* **Source information**
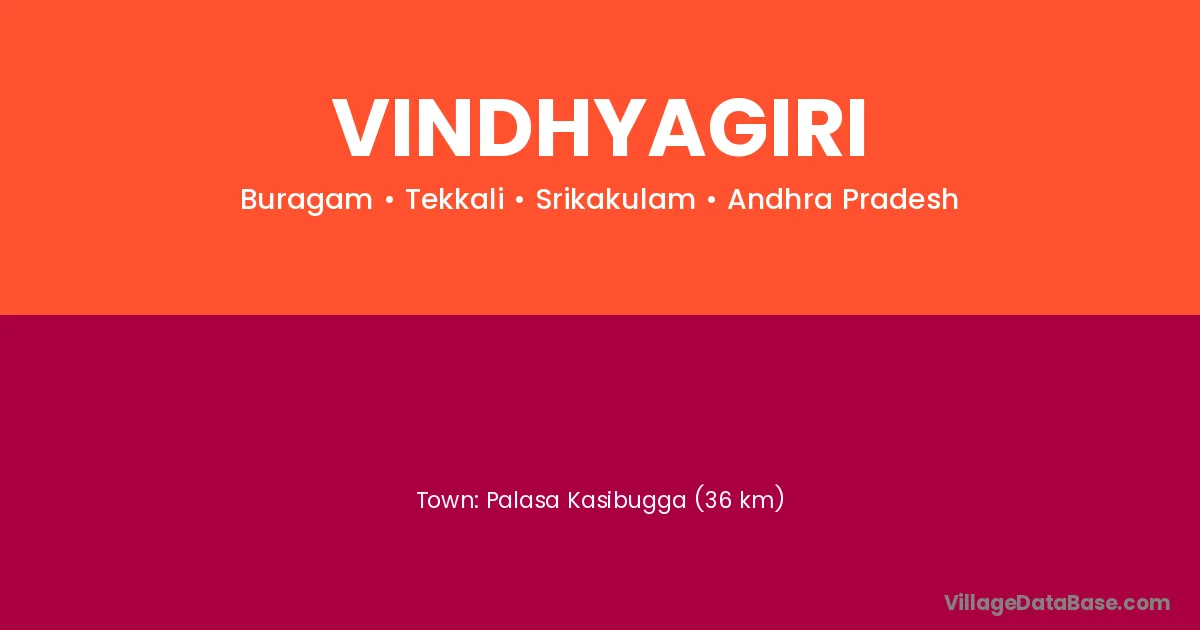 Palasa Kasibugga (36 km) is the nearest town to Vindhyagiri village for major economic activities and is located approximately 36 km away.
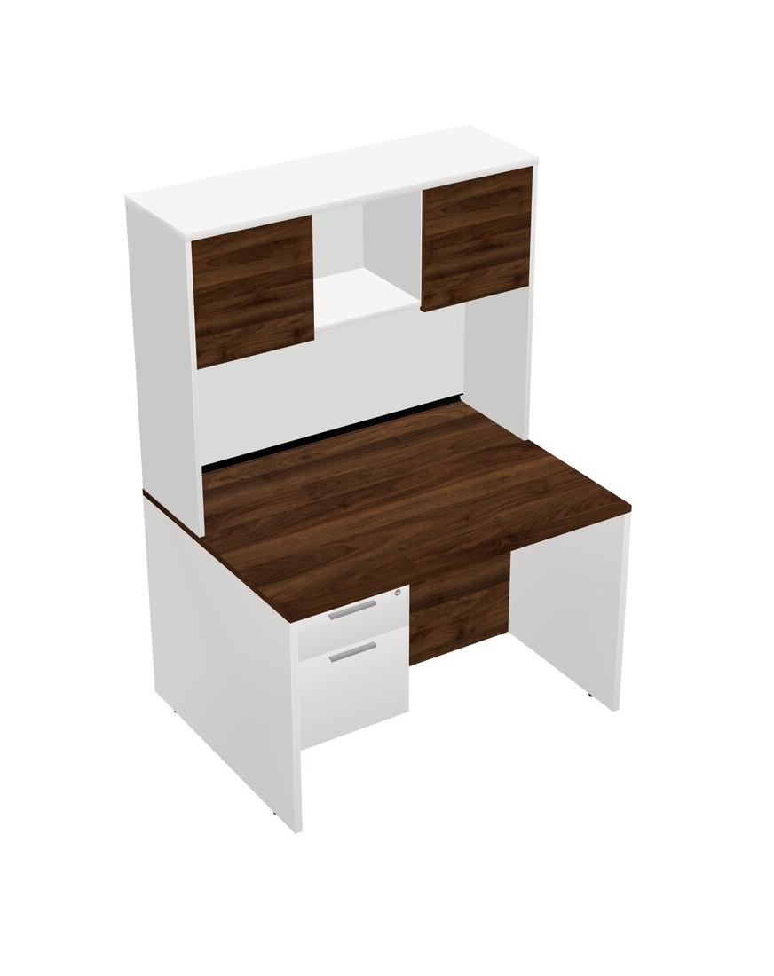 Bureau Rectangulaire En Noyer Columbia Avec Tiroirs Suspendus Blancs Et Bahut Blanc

---

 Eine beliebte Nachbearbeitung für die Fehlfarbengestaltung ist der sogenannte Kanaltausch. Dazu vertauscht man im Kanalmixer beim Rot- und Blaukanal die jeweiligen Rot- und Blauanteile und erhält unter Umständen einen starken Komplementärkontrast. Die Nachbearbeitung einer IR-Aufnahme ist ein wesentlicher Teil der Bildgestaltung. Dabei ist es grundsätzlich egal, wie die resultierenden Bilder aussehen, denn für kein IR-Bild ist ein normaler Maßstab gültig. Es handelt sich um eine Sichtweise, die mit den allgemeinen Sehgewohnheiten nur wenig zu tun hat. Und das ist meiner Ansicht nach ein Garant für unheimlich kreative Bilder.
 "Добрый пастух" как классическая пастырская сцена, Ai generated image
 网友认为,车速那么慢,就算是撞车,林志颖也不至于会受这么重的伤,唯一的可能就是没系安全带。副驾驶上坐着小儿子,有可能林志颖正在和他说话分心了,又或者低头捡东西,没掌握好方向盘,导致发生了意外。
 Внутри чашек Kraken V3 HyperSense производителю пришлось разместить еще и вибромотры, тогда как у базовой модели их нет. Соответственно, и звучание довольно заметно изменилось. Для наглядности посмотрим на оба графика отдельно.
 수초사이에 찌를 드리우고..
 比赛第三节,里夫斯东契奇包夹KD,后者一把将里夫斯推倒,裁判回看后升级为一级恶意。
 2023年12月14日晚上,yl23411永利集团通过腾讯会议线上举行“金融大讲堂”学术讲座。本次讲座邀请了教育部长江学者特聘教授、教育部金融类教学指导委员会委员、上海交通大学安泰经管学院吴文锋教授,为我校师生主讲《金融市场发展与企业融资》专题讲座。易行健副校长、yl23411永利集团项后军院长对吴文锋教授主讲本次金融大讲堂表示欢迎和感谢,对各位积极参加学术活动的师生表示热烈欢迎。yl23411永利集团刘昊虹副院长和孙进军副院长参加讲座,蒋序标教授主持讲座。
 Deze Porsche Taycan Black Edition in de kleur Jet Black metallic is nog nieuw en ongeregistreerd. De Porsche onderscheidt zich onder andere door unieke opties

* **Your task**
The answer is the run of lines above from the line containing "网友认为,车速那么慢,就算是" through the line containing "Deze Porsche Taycan", copied exactly and alone.

* **Solution to this exercise**
 网友认为,车速那么慢,就算是撞车,林志颖也不至于会受这么重的伤,唯一的可能就是没系安全带。副驾驶上坐着小儿子,有可能林志颖正在和他说话分心了,又或者低头捡东西,没掌握好方向盘,导致发生了意外。
 Внутри чашек Kraken V3 HyperSense производителю пришлось разместить еще и вибромотры, тогда как у базовой модели их нет. Соответственно, и звучание довольно заметно изменилось. Для наглядности посмотрим на оба графика отдельно.
 수초사이에 찌를 드리우고..
 比赛第三节,里夫斯东契奇包夹KD,后者一把将里夫斯推倒,裁判回看后升级为一级恶意。
 2023年12月14日晚上,yl23411永利集团通过腾讯会议线上举行“金融大讲堂”学术讲座。本次讲座邀请了教育部长江学者特聘教授、教育部金融类教学指导委员会委员、上海交通大学安泰经管学院吴文锋教授,为我校师生主讲《金融市场发展与企业融资》专题讲座。易行健副校长、yl23411永利集团项后军院长对吴文锋教授主讲本次金融大讲堂表示欢迎和感谢,对各位积极参加学术活动的师生表示热烈欢迎。yl23411永利集团刘昊虹副院长和孙进军副院长参加讲座,蒋序标教授主持讲座。
 Deze Porsche Taycan Black Edition in de kleur Jet Black metallic is nog nieuw en ongeregistreerd. De Porsche onderscheidt zich onder andere door unieke opties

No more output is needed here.